● **How to complete this task**
Make an exact copy of the listing so that no picture is carried over.
[[ Data below open ]]
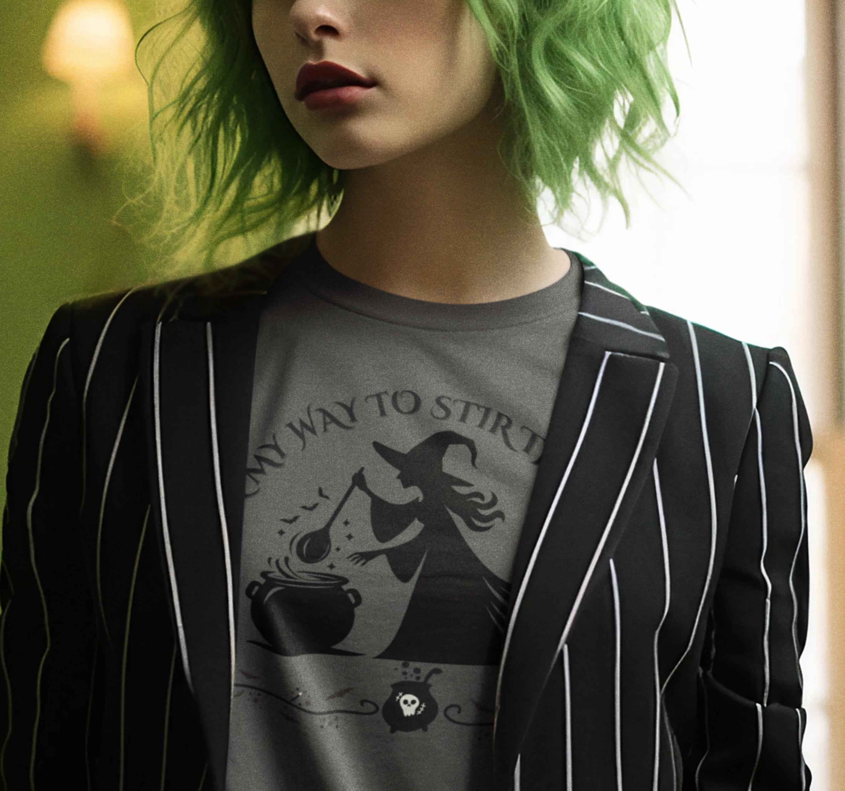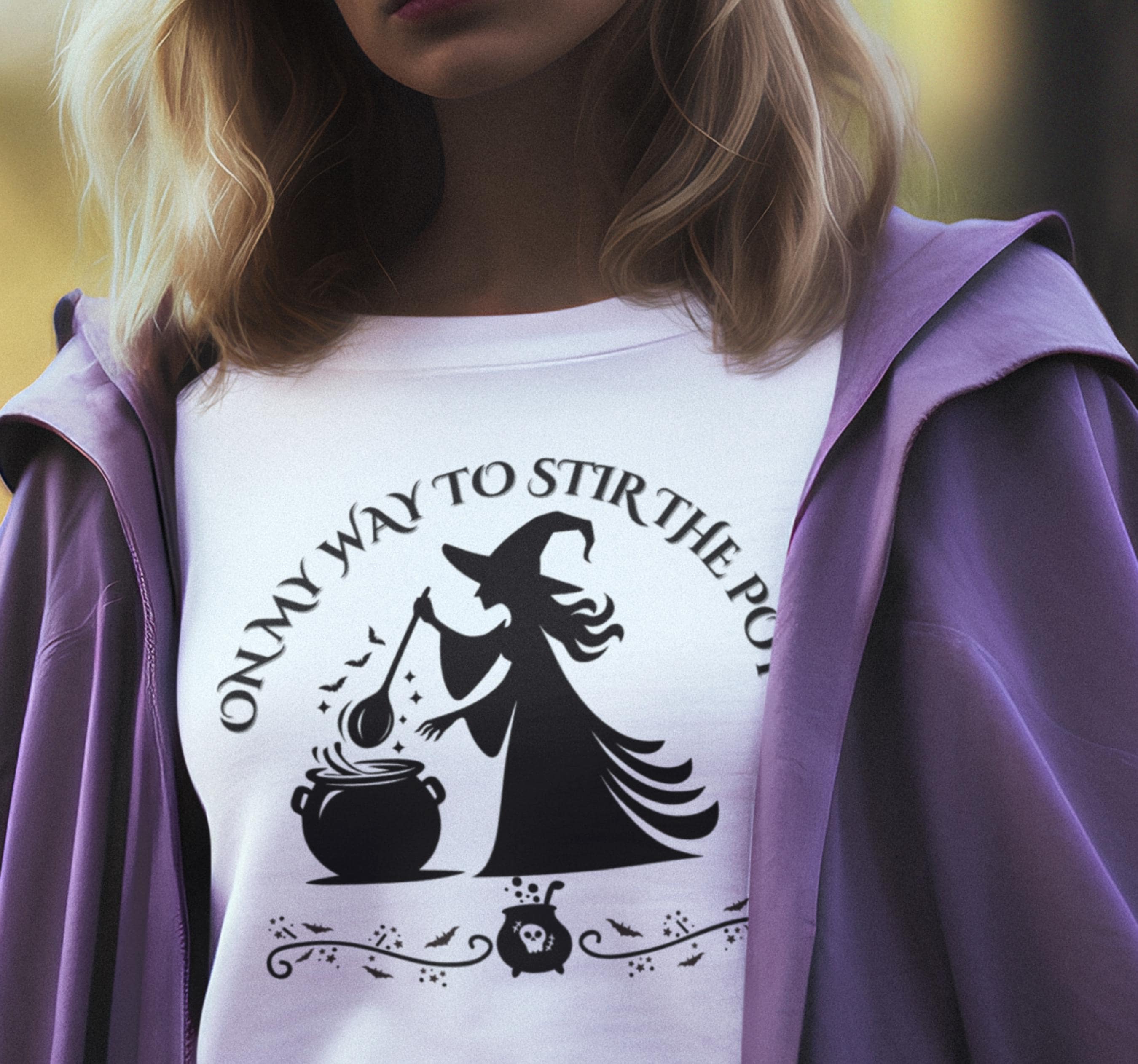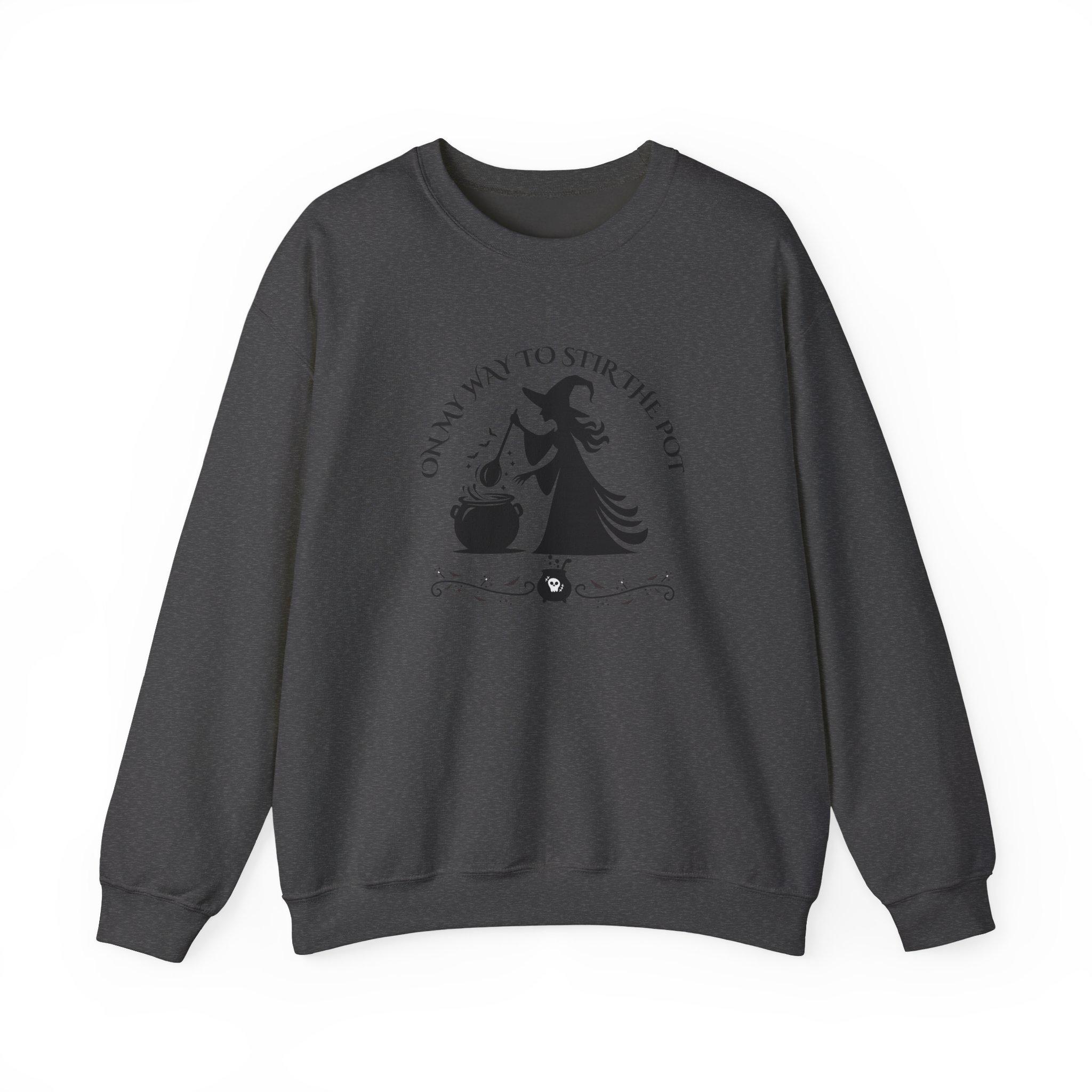 A cozy Heavy Blend™ Crewneck Sweatshirt featuring a design of a witch stirring a black cauldron with the text 'On my way to stir the pot'. This sweatshirt gives off a spooky and witchy vibe, perfect for Halloween or fans of the occult. Ideal for adults looking for a comfortable and stylish piece for the colder months.
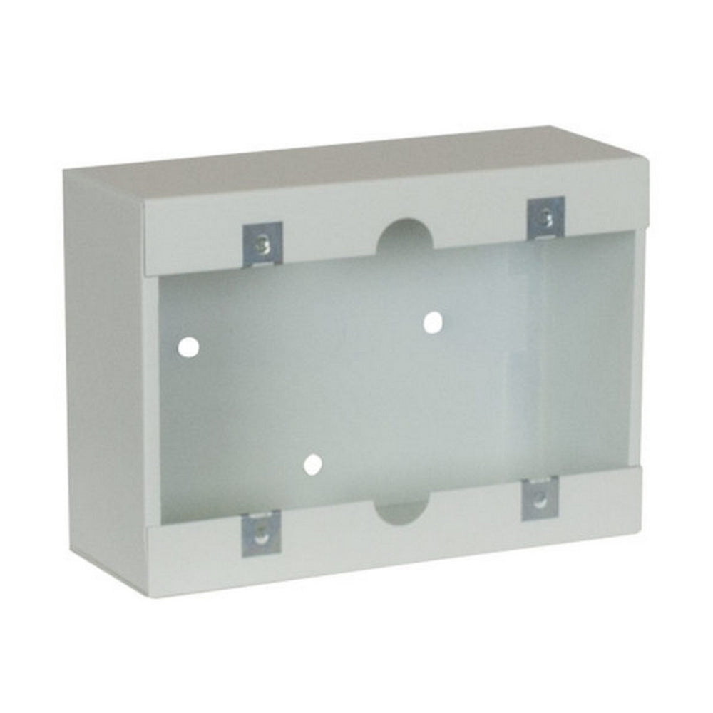 Three-gang steel surface-mount box with white powder epoxy finish for Lowell three-gang devices.
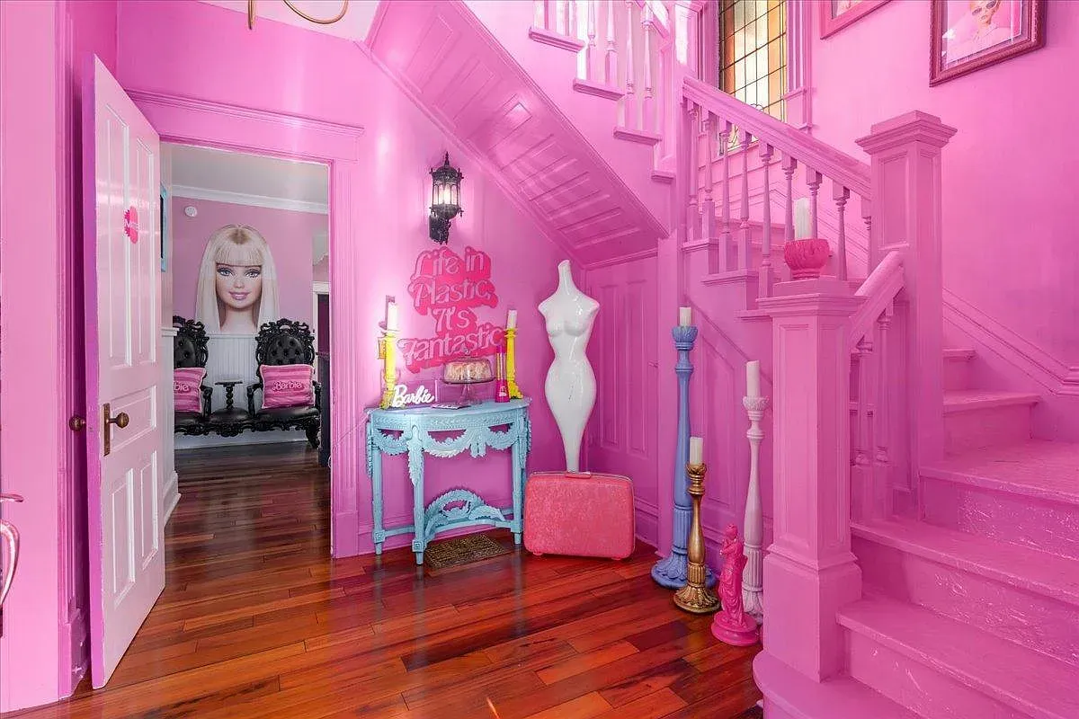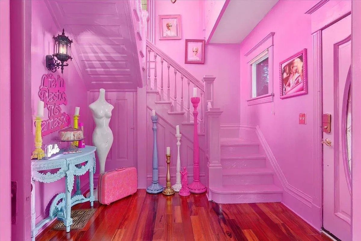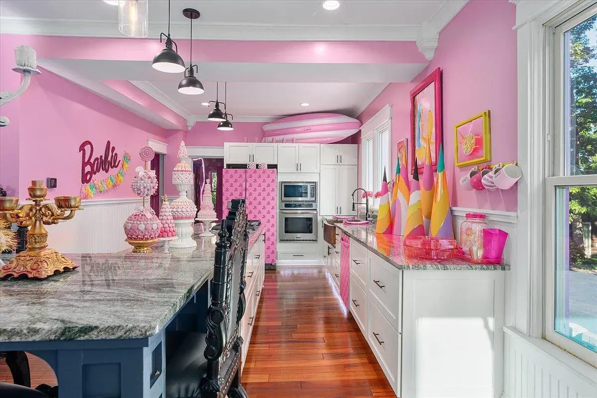 Here’s the kitchen, and it’s definitely a fun pink paradise! The vibrant colors make it feel cheerful and inviting. You’ll notice the quirky Barbie decor on the walls—it really adds a playful touch. Plus, there’s plenty of counter space
[[ Data below closed ]]
● **Solved problem**
 A cozy Heavy Blend™ Crewneck Sweatshirt featuring a design of a witch stirring a black cauldron with the text 'On my way to stir the pot'. This sweatshirt gives off a spooky and witchy vibe, perfect for Halloween or fans of the occult. Ideal for adults looking for a comfortable and stylish piece for the colder months.
 Three-gang steel surface-mount box with white powder epoxy finish for Lowell three-gang devices.
 Here’s the kitchen, and it’s definitely a fun pink paradise! The vibrant colors make it feel cheerful and inviting. You’ll notice the quirky Barbie decor on the walls—it really adds a playful touch. Plus, there’s plenty of counter space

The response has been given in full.